Your task - Within the records that follow, restate exactly the lines from the line with "Celebrate the holiday" down to the line with "Самокат трансформер 3", including both. Omit the pictures.

(Collected data entries)
━━━━
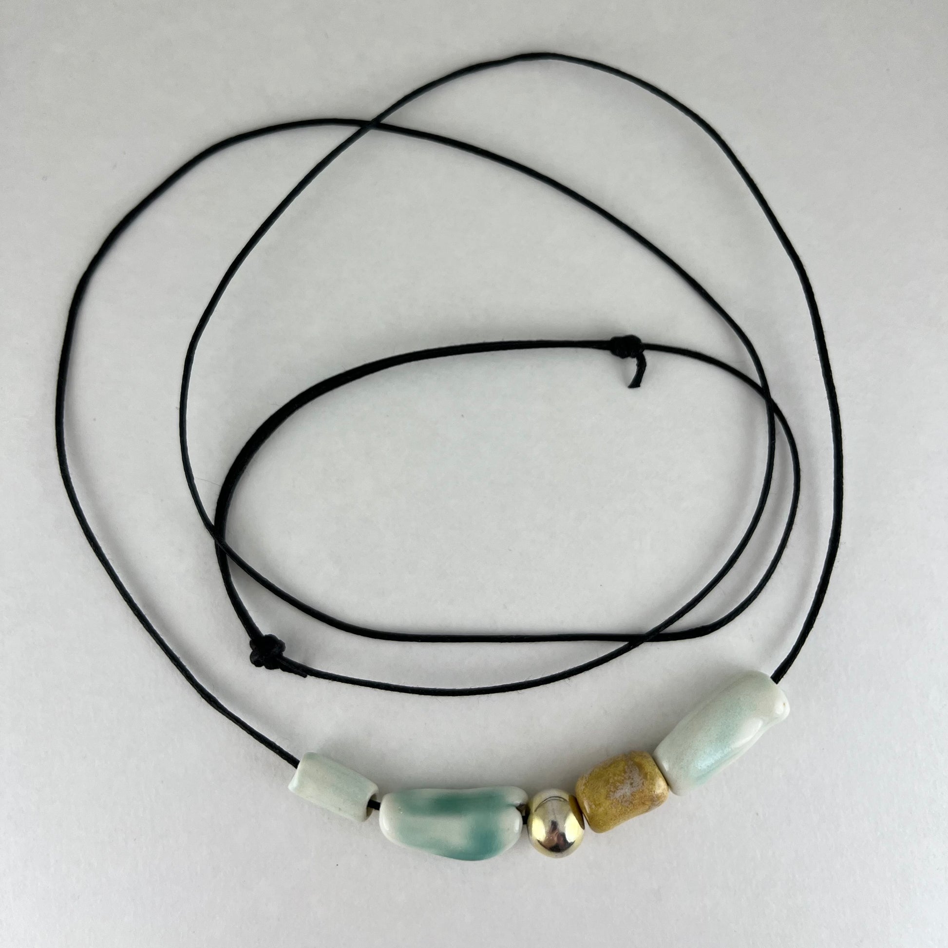 Beaded necklace made of lightweight porcelain. Fresh minty green and warm golden brown glazes.
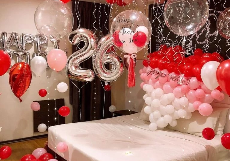 A soft, stylish room transformation with balloons - perfect for surprises, date nights or special gestures.
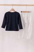 Celebrate the holiday spirit in cozy style with this Navy Christmas Santa Claus Embroidery Stripe Pants Set. Featuring festive Santa embroidery and cheerful stripes, these pants bring playful charm to your loungewear. Perfect for relaxing at home or spreading holiday cheer, the soft fabric ensures comfort while the unique design adds a merry touch to your seasonal wardrobe.
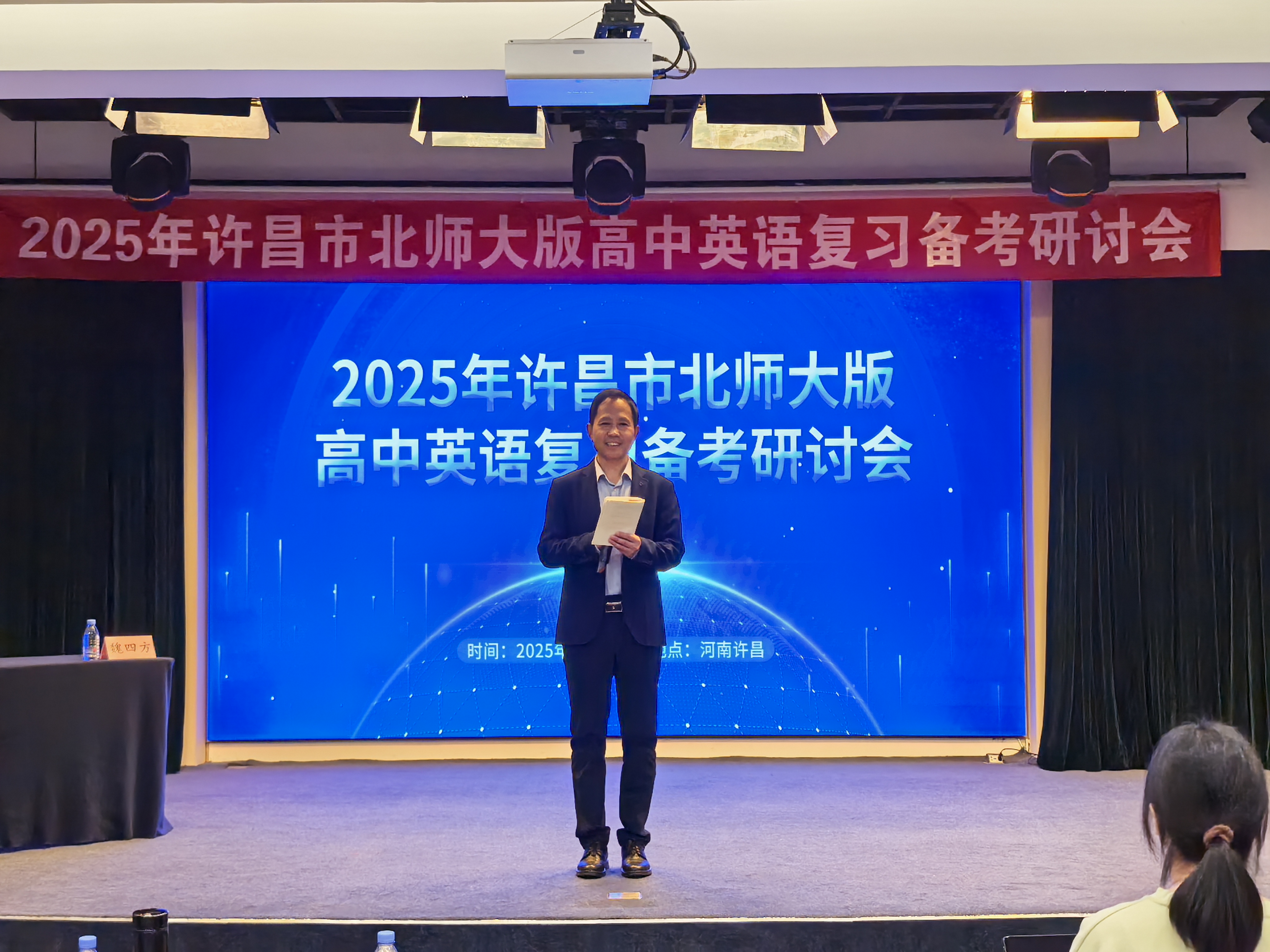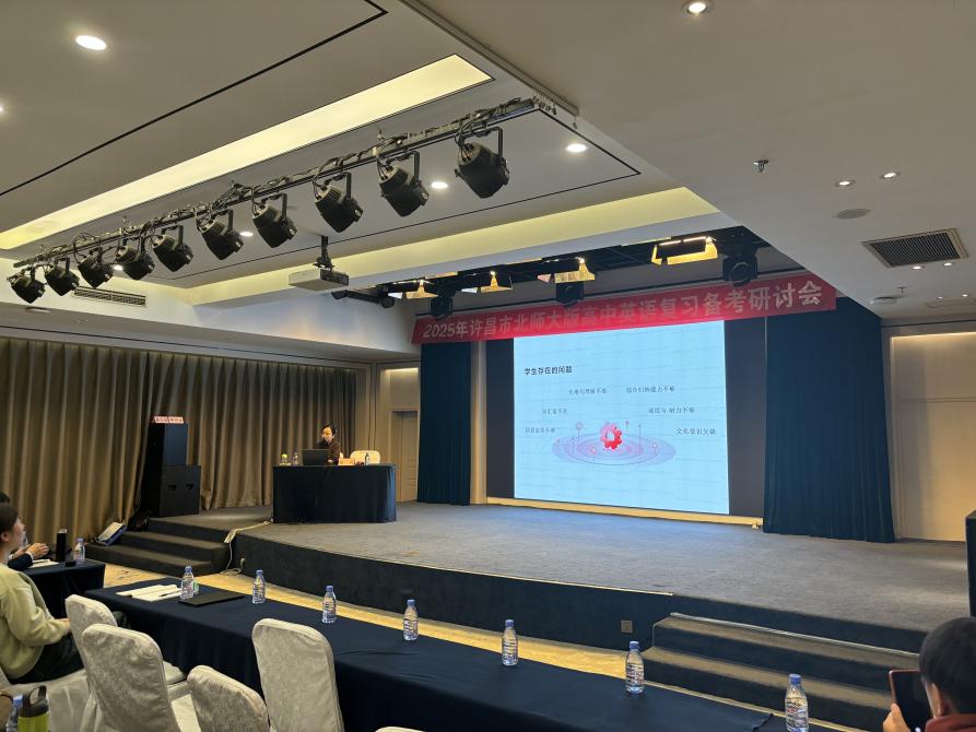 2025年3月26日上午,北京师范大学出版社在许昌瑞贝卡大酒店16楼会议室举办“北师大版高中英语复习备考研讨会”。本次会议旨在助力全市高三英语教师精准把握高考复习方向,提升备考效率。来自许昌市各高中的约150名高三英语教师参会,会议特邀合肥一中英语学科专家张莉老师作专题讲座,许昌市教育科学研究院高中英语教研员魏四方老师全程主持。
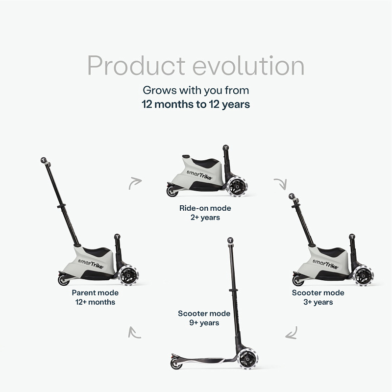 Самокат трансформер 3 в 1 SmarTrike Xtend Scooter ride-on с ручкой Cool GreyНет оценокХарактеристики
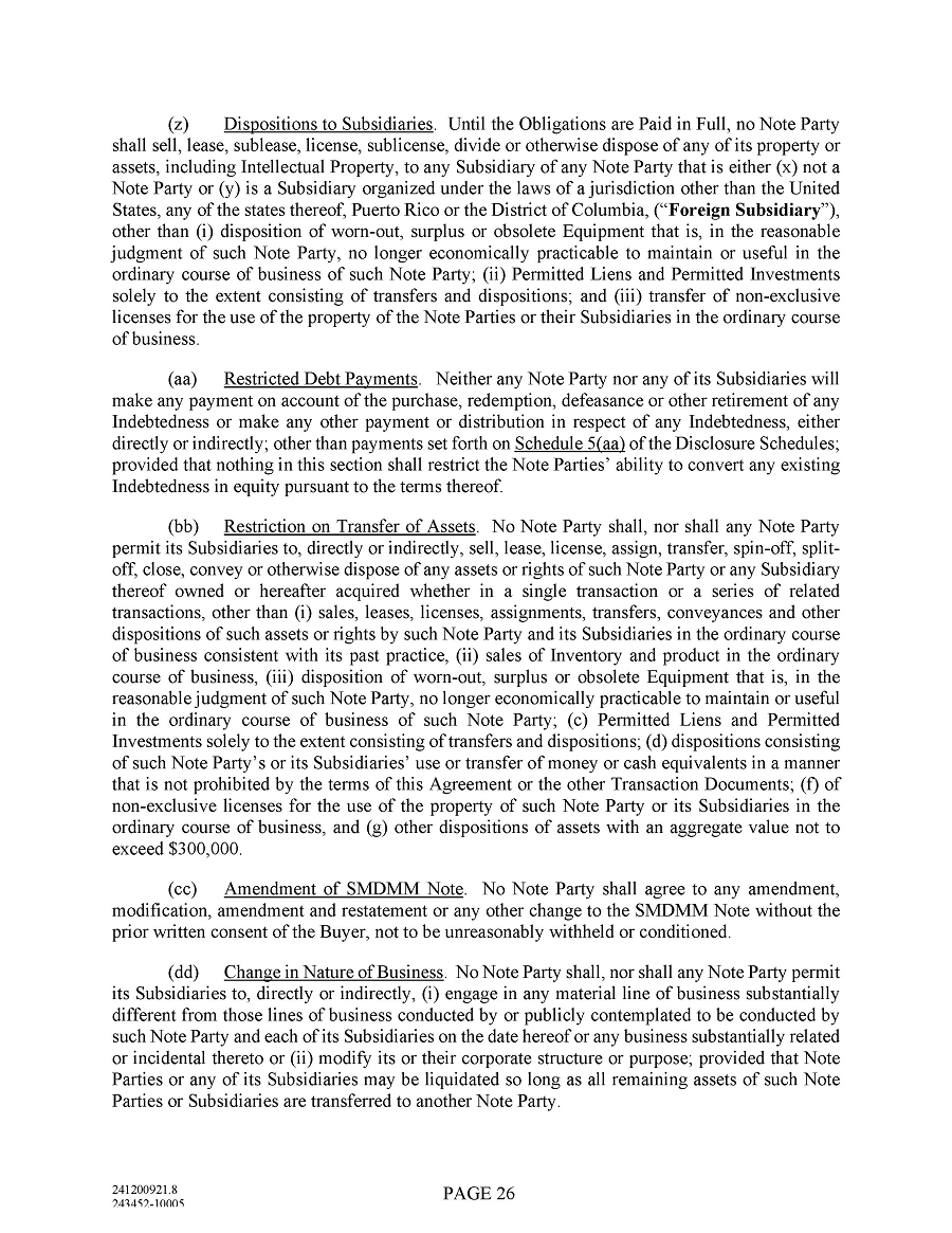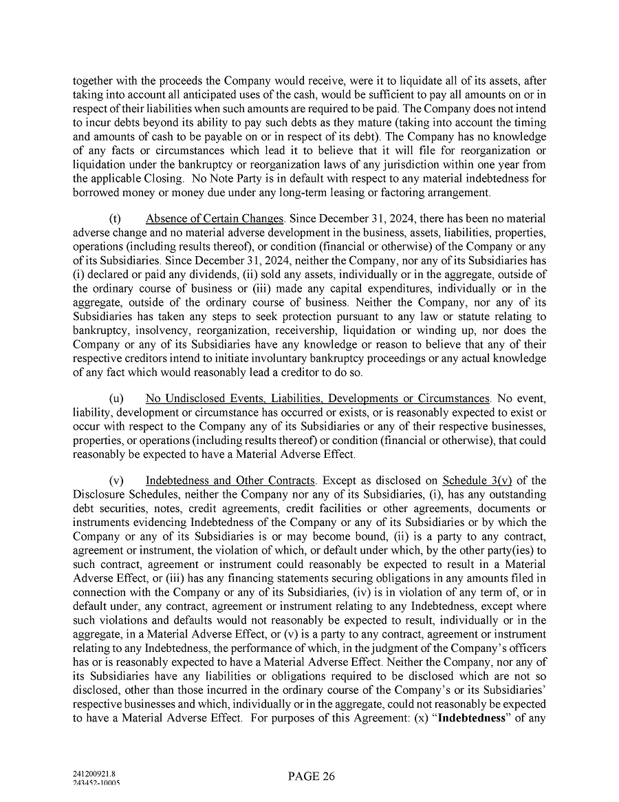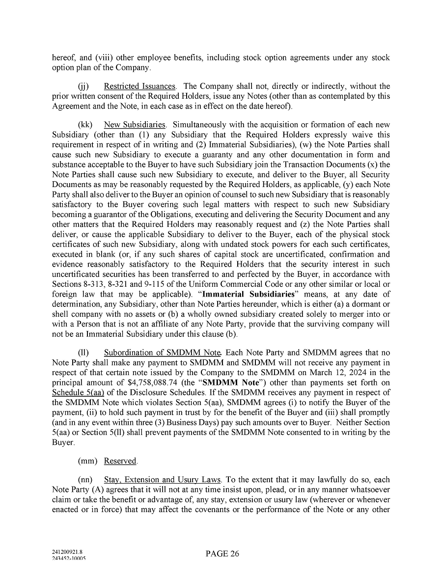 The NPA contains customary terms, conditions, and agreements by the Note Parties, indemnification obligations of the Note Parties, and termination provisions. The NPA also contains customary covenants, including but not limited to subordination of the certain outstanding note issued by the Company to SMDMM on March 12, 2024 in the principal amount of $4,758,088.74, restrictions on issuances of other debt, notes, or convertible securities involving variable rate transactions (as defined in the NPA), declarations or payments of dividends, ability for the Company to enact a stock split, restrictions on assumptions of liens or transfer of assets, as well as required post-closing conditions of the Note Parties.
━━━━
Answer for the task -
 Celebrate the holiday spirit in cozy style with this Navy Christmas Santa Claus Embroidery Stripe Pants Set. Featuring festive Santa embroidery and cheerful stripes, these pants bring playful charm to your loungewear. Perfect for relaxing at home or spreading holiday cheer, the soft fabric ensures comfort while the unique design adds a merry touch to your seasonal wardrobe.
 2025年3月26日上午,北京师范大学出版社在许昌瑞贝卡大酒店16楼会议室举办“北师大版高中英语复习备考研讨会”。本次会议旨在助力全市高三英语教师精准把握高考复习方向,提升备考效率。来自许昌市各高中的约150名高三英语教师参会,会议特邀合肥一中英语学科专家张莉老师作专题讲座,许昌市教育科学研究院高中英语教研员魏四方老师全程主持。
 Самокат трансформер 3 в 1 SmarTrike Xtend Scooter ride-on с ручкой Cool GreyНет оценокХарактеристики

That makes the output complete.